> **Exercise brief**:
Excluding pictures, reproduce word for word the lines from the one containing "arttığı biliniyor. |" through the end of the material below.

> **Dataset section**:
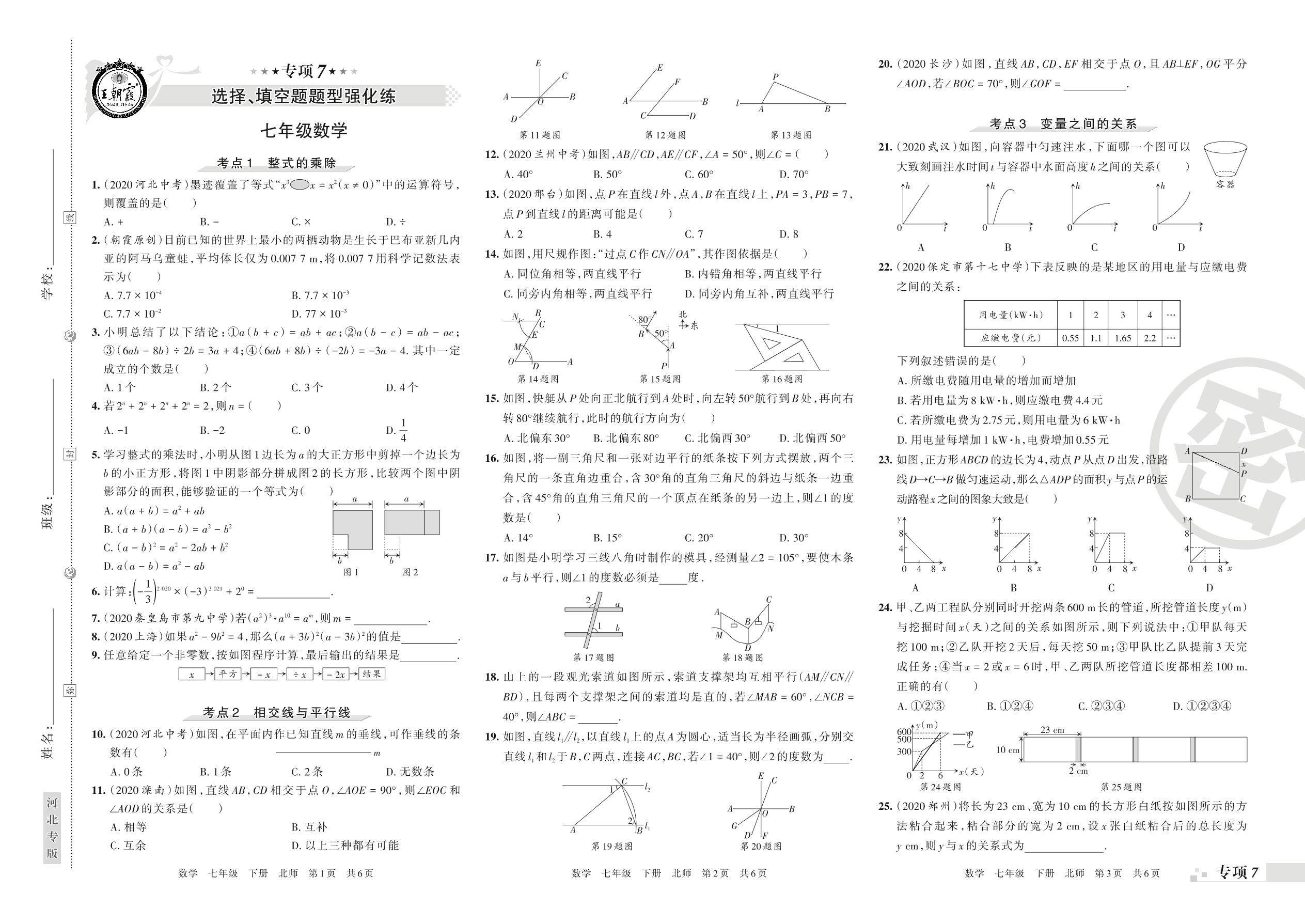 王朝霞期末专项卷——选择、填空题题型强化练七年级下册数学(北师版)【0】
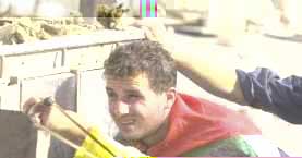 | HAMAS bayrağını kuşanmış bir genç. HAMAS sadece bir eylem örgütü değil bir kitle örgütüdür. Bugün Filistin'de en geniş kitle tabanına sahip örgüt olduğu ve gittikçe de arkasındaki kitlesel desteğin arttığı biliniyor. |
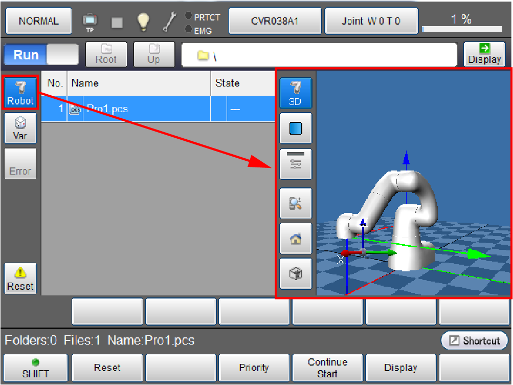 Robot Display 3D image of the robot during the machine lock. For information about operation keys, refer to " Displaying Current Position Information and 3D Image of Robot ".

> **Answer to this task**:
 | HAMAS bayrağını kuşanmış bir genç. HAMAS sadece bir eylem örgütü değil bir kitle örgütüdür. Bugün Filistin'de en geniş kitle tabanına sahip örgüt olduğu ve gittikçe de arkasındaki kitlesel desteğin arttığı biliniyor. |
 Robot Display 3D image of the robot during the machine lock. For information about operation keys, refer to " Displaying Current Position Information and 3D Image of Robot ".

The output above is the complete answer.